_ACTIVITY_
Pictures excluded, return the lines below from the first through the line holding "พิเศษ สำหรับ 100".

_DATA EXTRACT_

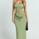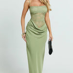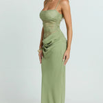 Mekana, zavodljiva i bez napora cool. Elysia Čipkasta Maxi stvorena je za trenutke glavnog junaka, pomislite na večere u zlatnom satu, noći na krovovima i tu energiju "odakle ti je haljina?". Sadrži delikatni čipkasti korzet i fluidnu drapiranu suknju koja se lijepo prilagođava tijelu, dok ostaje lagana i bez napora. Silueta s niskim strukom dodaje modernu notu, balansirajući romantiku s povjerenjem. Elegantna, ali nikada previše naporna, ovo je haljina koju birate kada želite izgledati nevjerojatno bez previše razmišljanja.
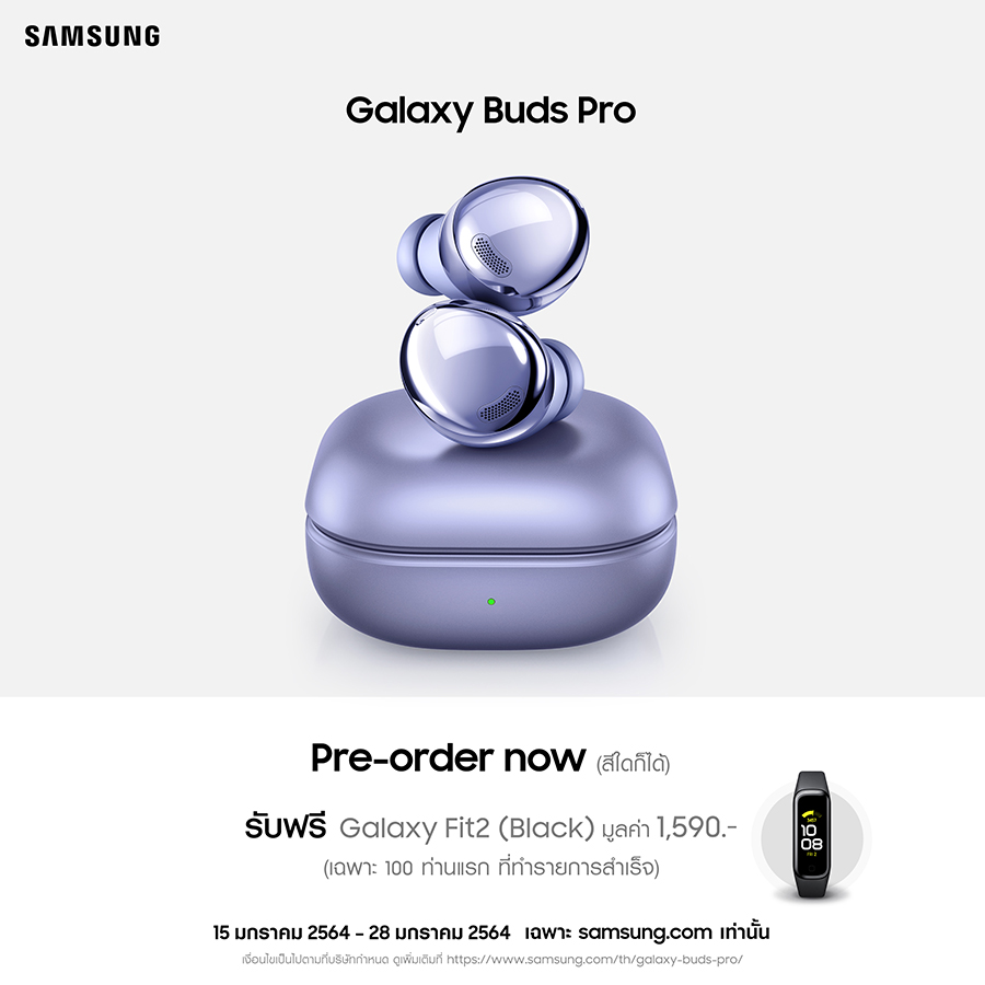 พิเศษ สำหรับ 100 ท่านแรกที่สั่งซื้อ Galaxy Buds Pro ล่วงหน้าและทำการสั่งซื้อสำเร็จ ตั้งแต่วันที่ 15-28 มกราคม 2564 ผ่านทาง samsung.com รับฟรี! Galaxy Fit2 สี Black มูลค่า 1,590 บาท โดยสามารถรับสินค้าได้ตั้งแต่วันที่ 27 มกราคม - 28 กุมภาพันธ์ 2564
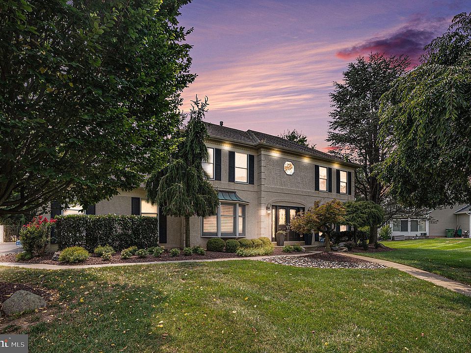 New on Market! This stunning charmer is open, bright, and airy, offering 5 bedrooms, 2 full baths, and 2 powder rooms, with approximately 3,500 sq. ft. of living space including a wonderful finished basement with powder room—all in meticulous condition. Located in the sought-after Dublin Hunt community, just steps away from Starbucks, Sprouts Market, HomeGoods, great dining spots, and more, this home is the perfect blend of comfort and convenience. Set on a beautifully landscaped lot framed by trees, the property features a private gated pool and spa with lantern lighting—an entertainer’s dream! The built-in outdoor bar and dining area with electric awning make it ideal for gatherings with family and friends. The home’s incredible curb appeal is enhanced by a double-door entry with sidelights leading into a dramatic two-story foyer with turned staircase, elegant chandelier, tile, and hardwood floors throughout the main level. The heart of the home is the white gourmet island kitchen, boasting quartz countertops, stainless steel Sub-Zero refrigerator, stainless steel ovens with commercial range hood, two warming drawers, built-in microwave, wine rack, wine/coffee bar, and two pantry closets. A bumped-out breakfast room with skylights, electric window shades, and plantation shutters in many other rooms provides a bright and welcoming space with direct access to the outdoor dining area—perfect for morning coffee or summer BBQs. The second floor is as beautiful as the first floor. Double door entry into the stunning main bedroom suite with a totally refurbished bathroom, a great walk in closet , plus an additional built in closet. There are three other spacious bedrooms and a refurbished hall bath. Additional highlights include: LED recessed lighting throughout this stunning home with under-cabinet ambient lighting in the kitchen. The gourmet kitchen is open to the living room and family room. There is a striking floor-to-ceiling stone gas fireplace. The fifth bedroom/guest room is on the main level and the beautiful powder room and laundry room completes the first floor. The finished basement with powder room—perfect for a gym, media room, office, or playroom. This home truly has it all—modern upgrades, timeless charm, and spaces designed for both relaxation and entertaining. All within the award-winning Upper Dublin Township School District—one of the top-rated in the area

_RESPONSE_
 Mekana, zavodljiva i bez napora cool. Elysia Čipkasta Maxi stvorena je za trenutke glavnog junaka, pomislite na večere u zlatnom satu, noći na krovovima i tu energiju "odakle ti je haljina?". Sadrži delikatni čipkasti korzet i fluidnu drapiranu suknju koja se lijepo prilagođava tijelu, dok ostaje lagana i bez napora. Silueta s niskim strukom dodaje modernu notu, balansirajući romantiku s povjerenjem. Elegantna, ali nikada previše naporna, ovo je haljina koju birate kada želite izgledati nevjerojatno bez previše razmišljanja.
 พิเศษ สำหรับ 100 ท่านแรกที่สั่งซื้อ Galaxy Buds Pro ล่วงหน้าและทำการสั่งซื้อสำเร็จ ตั้งแต่วันที่ 15-28 มกราคม 2564 ผ่านทาง samsung.com รับฟรี! Galaxy Fit2 สี Black มูลค่า 1,590 บาท โดยสามารถรับสินค้าได้ตั้งแต่วันที่ 27 มกราคม - 28 กุมภาพันธ์ 2564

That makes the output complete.